CIYCL frequently partners with the Museum of the Holocaust L A, conceiving and producing programs to showcase the spiritual resistance exemplified by remarkable poetry and song created during the darkest times. “To Witness, Console, and Lament” premiered on April 9, 2023, with a dramatic reading of Yitskhak Katzenelson’s epic powerful eye-witness ode about the Warsaw Ghetto, Song of the Massacred Jewish People. I was joined onstage with Mike Burstyn and a cast of young actors is available for the standing-room-only event. The performance is available on Holocaust Museum LA’s YouTube Channel. 

Why do you love Yiddish? 

While Yiddish has been my second career since the late 1990s, it has always been a part of my life. I was born to parents who had escaped the Holocaust only to lose years of their lives to the Soviet Gulag and most of their family to Hitler. But their language and culture, their Jewish heritage could not be taken away from them. Unlike my peers growing up, Yiddish was an every day, not-a-“secret” language. After my parents died, I realized I didn’t want to lose my native tongue and was shocked that the post-war immigrant Yiddish civilization I had grown up with had so little left to it. It seemed to have skipped my Baby Boomer generation entirely. It was sheer curiosity and happenstance that led me to some folks whose enthusiasm kept it alive for themselves here in LA. I also encountered the vast beauty of Yiddish literature in the original and the new ways in which Yiddish music was being created, as well as my own sheer paucity of Yiddish language skills. 

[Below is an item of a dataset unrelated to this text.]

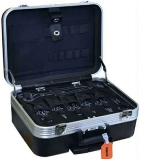 Tipo in ABS con telaio telescopico e 2 ruote Ø 60 mm Design con angoli arrotondati con profilo di chiusura in alluminio Completa di 2 pannelli portautensili con elastici passanti, tasca portadocumenti e portautensili Design con angoli arrotondati e con elastici passanti Pannello superiore con cinghia di trattenimento, tasca portadocumenti e tasche aggiuntive Pannello inferiore completo di passanti su entrambi i lati Fondo portautensili termoformato con divisori mobili completo di 2 astucci estraibili in plastica per minuteria Con 2 piedini di appoggio Maniglia di trasporto ergonomica in ABS con riporto in gomma antiscivolo e targhetta identificativa Serratura doppia a scatto con chiusura a chiave Dimensioni LxPxh 460x330x200 mm Peso 4 kg SENZA UTENSILI Materiale: ABS Colore: Nero ...

The path upon which I embarked to simply educate myself in my mameloshn, my mother tongue, brought me untold joy and delight. This “following one’s bliss” that Joseph Campbell spoke about kept bringing me to more and more incentives and opportunities to not only educate myself but also to help ensure that this joy and delight is available to anyone. It’s that simple: encountering Yiddish in a meaningful way (not through silly words and jokes) brings with it a deep joy in one’s soul because it’s connected with the best and most enduring parts of what our ancestors created for their own delight. 

Yiddish in LA 

Not only does LA have the third largest Jewish population in the world, after Israel and NYC, but it has a history of more than a century of Yiddish cultural activism and Yiddish learning. UCLA, where I teach Yiddish language, film, and literature, is the first university in the country to have had a formal course in Yiddish and where Yiddish has been taught for over 50 years. While I was among those who took up the helm of Yiddish cultural activism in the mid-1990s from the folks who were then already in their 70s and 80s and were witnessing a steep decline in engagement with Yiddish, I’m gratified to see that there’s a new wave of activists bringing new ideas and visions and who are no less enthusiastic. In turbulent, uncertain and dismaying times like today, it especially behooves us to learn how to get in touch with and draw strength and inspiration from the enduring values and creativity of our Yiddish-speaking ancestors.